Member Verification. Through a service provider, an entity can check the pairing between bc-ID and pub-ID of a member by performing the following step. First, the service provider asks the member to access through its pub-ID on a public IDP. Second, the service provider asks the member to prove that he is the owner of the bc-ID by requiring him to encode a challenge string (for example a human-readable sentence) with the private key associated with the bc-ID.

Privileges Management. The service provider which owns pairings and transactions can provide the details about them just to entities authorized at knowing such details. This can be accomplished by requiring that (i) the entity authenticates itself through its pub-ID on a public IDP and (ii) that the privileges of the entity returned by the attribute provider are enough to allow the access.

5 Conclusions

The orchestration of cooperative services is becoming the standard way to implement innovative service provisions and applications emerging in many contexts like e-government and e-procurement. In this scenario, technological solutions have been developed which address typical issues concerning cooperation procedures and data exchange.
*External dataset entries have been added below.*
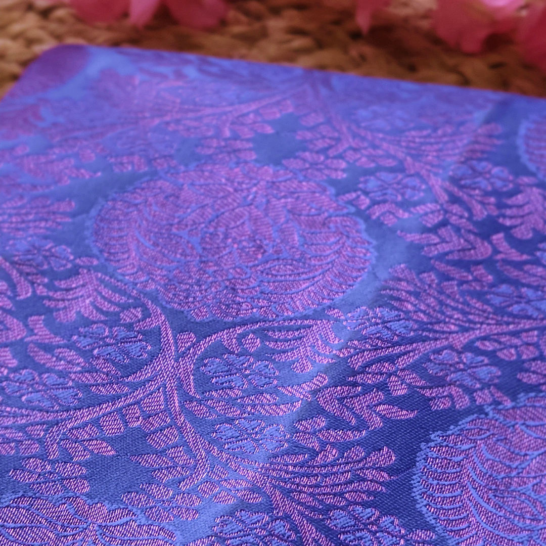 Step into a world of elegance with this exquisite semi-silk saree, where rich textures meet radiant tones. The body of the saree glows in a soft lavender violet, gently transitioning into a deeper toned pallu—creating a graceful gradient effect that catches the light with every movement.
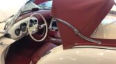 This 1954 Kaiser Darrin is 1 of 435 production examples built for a single model year, and it powered by a 161ci Hurricane F-head inline-six paired with a three-speed manual transmission with overdrive. Its fiberglass bodywork is finished in white and contrasted by a red three-position soft top and color-coordinated side curtains, and features include red upholstery, sliding doors that retract into the body, a heater, wire wheel covers, and plexiglass wind wings. The recent service included overhauls…
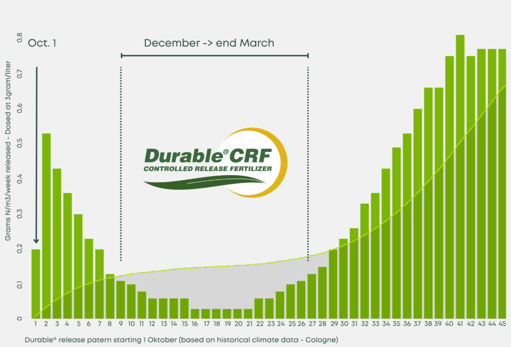 Then, as soon as the soil warms again, the release rate accelerates in sync with turf demand.
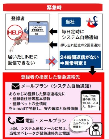 LINE通知に無反応のままN+1日(24時間)が経過することをトリガーとして、登録された緊急連絡先にペット情報を添えて飼い主連絡やペットの緊急保護等を依頼するメールを送信。プランによっては、メールに加えて電話での連絡サービスも利用可能だ。
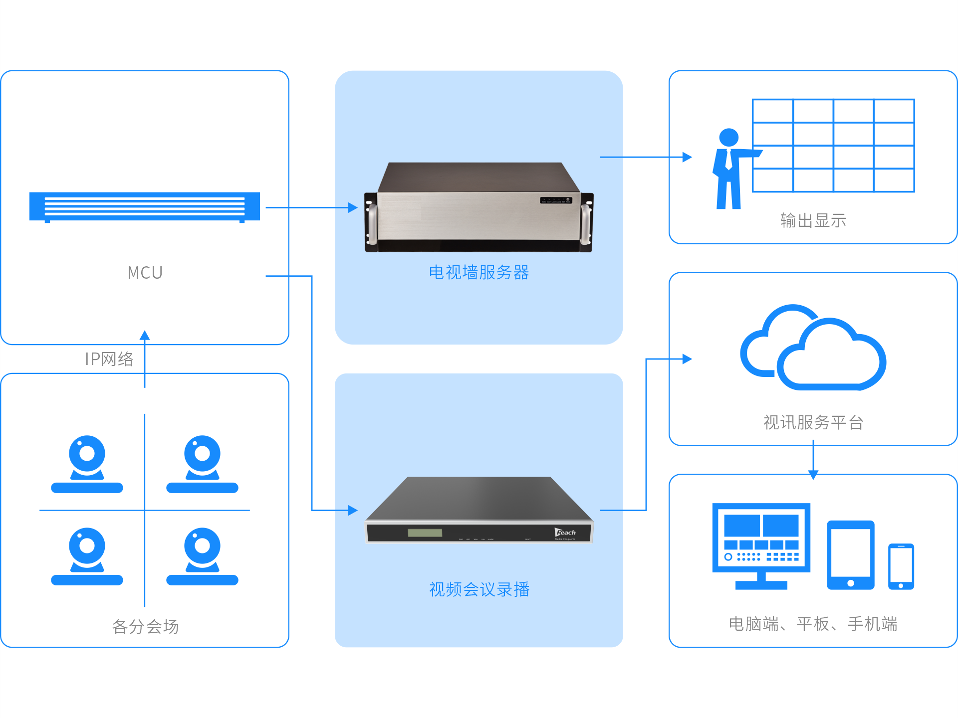 銳取為視頻會(huì)議??提供全?的配套服務(wù),包括視頻會(huì)議錄播、視頻會(huì)議電視墻。視頻會(huì)議錄播解決??關(guān)于重要遠(yuǎn)程會(huì)議內(nèi)容進(jìn)?記錄,并可進(jìn)?在線(xiàn)分享,從?實(shí)現(xiàn)對(duì)重要會(huì)議的存檔、以及擴(kuò)?會(huì)議的覆蓋?。視頻會(huì)議電視墻解決多會(huì)場(chǎng)?清同步呈現(xiàn)的應(yīng)?需求,?泛應(yīng)?于如應(yīng)急管理,指揮調(diào)度等場(chǎng)景需求。
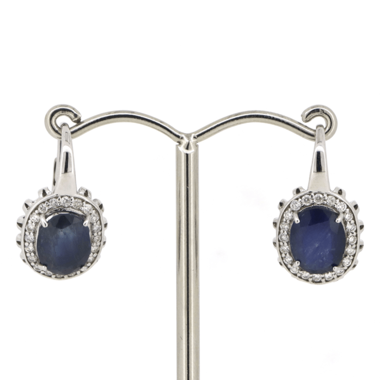 The Centres Feature, 2 Oval Faceted Cut, Deep Blue, Sapphires (4.52Ct Tsw, Included), 4 Claw Set. Surrounding The Centres In Halos Are, 20 Round Brilliant Cut, Light Champagne, Diamonds (0.40Ct Tdw, Si2-P2 Clarity), Bead Set. The Earrings Have Lever Back Closures.

However, embedding accountability inside distributed and decentralized cooperation models is still a challenging issue. In this work, we devise a suitable approach to guarantee the service accountability which is based on state-of-art solutions regarding digital identity and distributed consensus technologies for building a distributed ledger. In particular, the proposal exploits the notion of smart contracts as supported by blockchain 2.0.

This work has been partially supported by the “IDService” project (CUP B28117000120008) funded by the Ministry of Economic Development under Grant Horizon 2020 - PON I&C 2014-20 and by the project P.O.R. “SPID Advanced Security - SPIDASEC” (CUP J88C17000340006).